__Task brief__. In the data below, set down exactly the lines from the one containing "視頻中的人員大多都強顔歡笑,「熱烈地」搖動手中的小血旗。不過在視頻12秒處出現「" up to and including the one containing "DAILYPANGANDARAN – Kondisi". Leave the pictures out.

** Opening Data listing block **

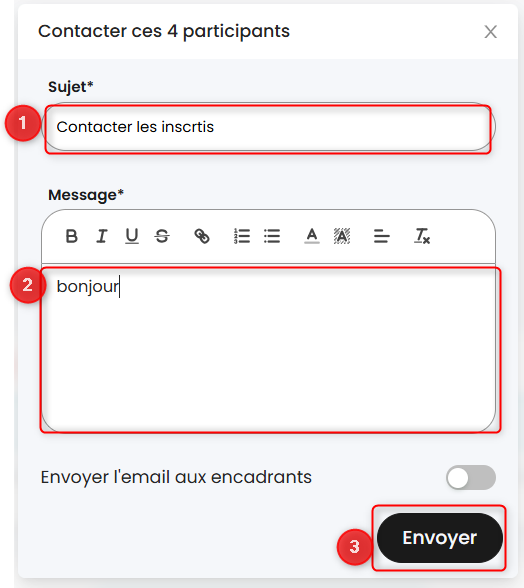 Faites de même, si vous voulez contacter seulement les participants avec le statut : En attente / Annulée | Payé / Payé partiellement / À payer
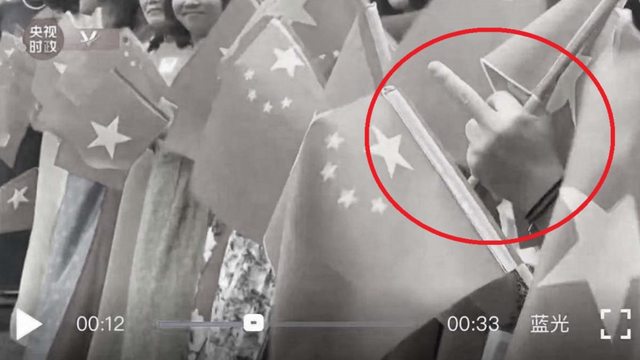視頻中的人員大多都強顔歡笑,「熱烈地」搖動手中的小血旗。不過在視頻12秒處出現「
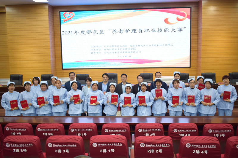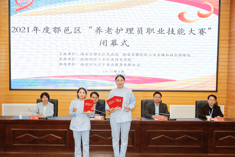 经过紧张激烈的比赛,最终评选出一等奖2名,二等奖4名,三等奖5名,优胜奖7名,其中来自于西安滨河荣华养老服务有限公司的罗茹和杨雷两位选手被授予西安市鄠邑区“技术能手”荣誉称号。
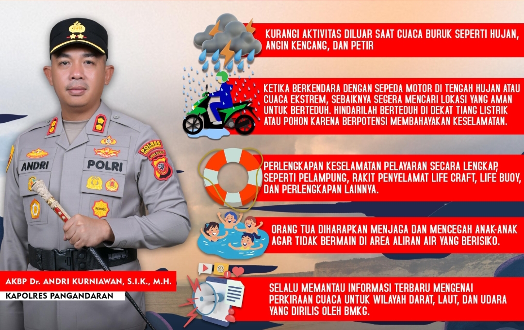 DAILYPANGANDARAN – Kondisi cuaca yang tidak menentu belakangan ini, dengan potensi angin kencang dan gelombang tinggi, mendorong jajaran Polres Pangandaran untuk mengeluarkan himbauan serius. Kapolres Pangandaran, AKBP Dr. Andri Kurniawan, S.I.K., M.H., secara langsung mengimbau seluruh lapisan masyarakat dan wisatawan yang berada di wilayah perairan Pangandaran untuk meningkatkan kewaspadaan.
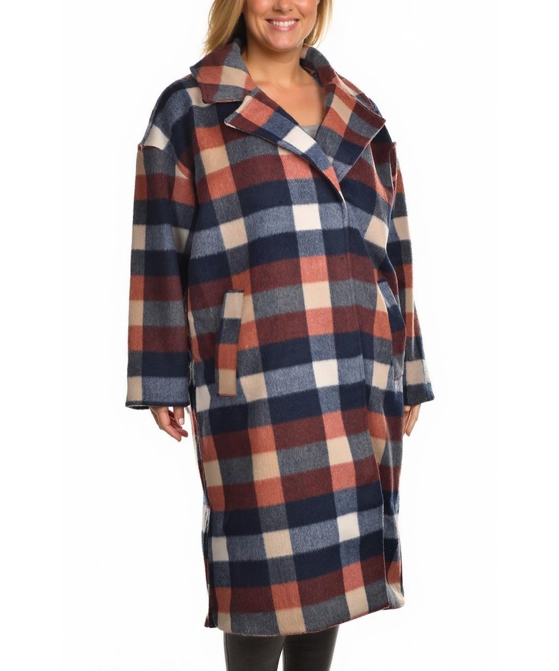Дамско палто за бременни в кариран принт. Оверсайз силует, мек вълнен ефект, дължина до коляното, странични джобове и дискретно закопчаване. Топло и удобно за бременността.
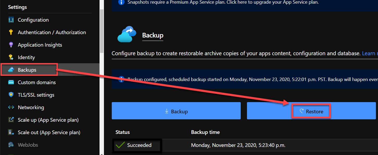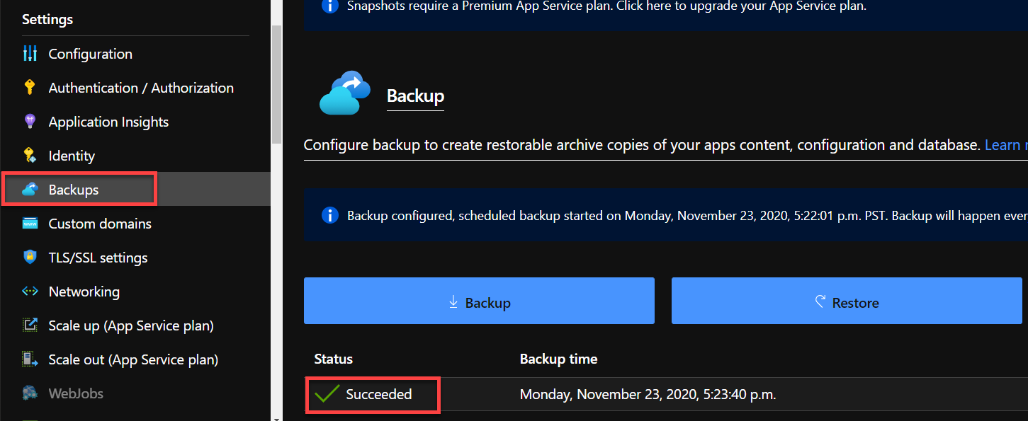 - Your app service plan is running on at least Standard Tier to perform the backup and restore operation on the application. This operation cannot be performed on the Basic/Free Tier applications.
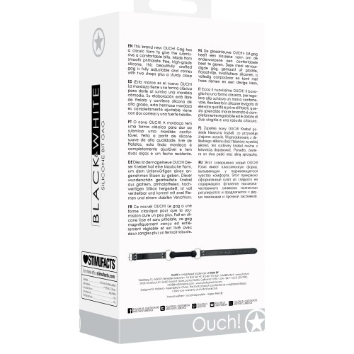 Gags are usually associated with roleplay involving bondage, but that is not necessarily always the case. Some people derive erotic pleasure from a gag, either in a submissive or dominant role. When combined with other physical restraints, the wearing of a gag can increase the wearer's sense of helplessness within the BDSM scene by rendering them unable to speak during sexual activity. This brand new OUCH! Gag has a classic form to give the submissive a comfortable bite. Made from smooth phthalate free, high-grade silicone, this beautifully crafted gag is fully adjustable and comes with two straps plus a sturdy clasp.
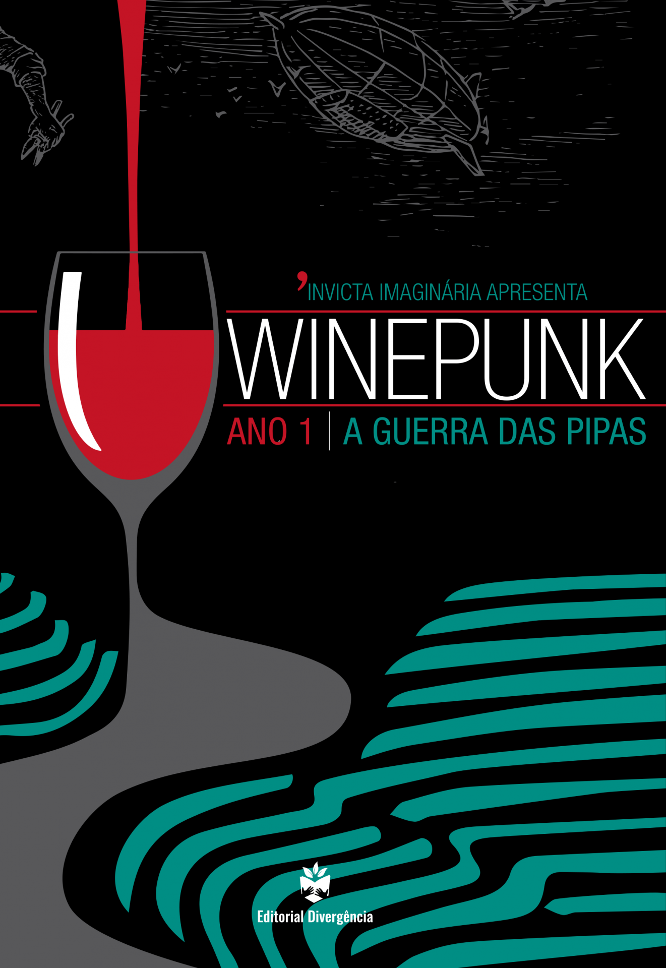 Copo de vinho a ser servido em design estilizado com texto promocional Winepunk

** Closing Data listing block **

__Output__.
視頻中的人員大多都強顔歡笑,「熱烈地」搖動手中的小血旗。不過在視頻12秒處出現「
 经过紧张激烈的比赛,最终评选出一等奖2名,二等奖4名,三等奖5名,优胜奖7名,其中来自于西安滨河荣华养老服务有限公司的罗茹和杨雷两位选手被授予西安市鄠邑区“技术能手”荣誉称号。
 DAILYPANGANDARAN – Kondisi cuaca yang tidak menentu belakangan ini, dengan potensi angin kencang dan gelombang tinggi, mendorong jajaran Polres Pangandaran untuk mengeluarkan himbauan serius. Kapolres Pangandaran, AKBP Dr. Andri Kurniawan, S.I.K., M.H., secara langsung mengimbau seluruh lapisan masyarakat dan wisatawan yang berada di wilayah perairan Pangandaran untuk meningkatkan kewaspadaan.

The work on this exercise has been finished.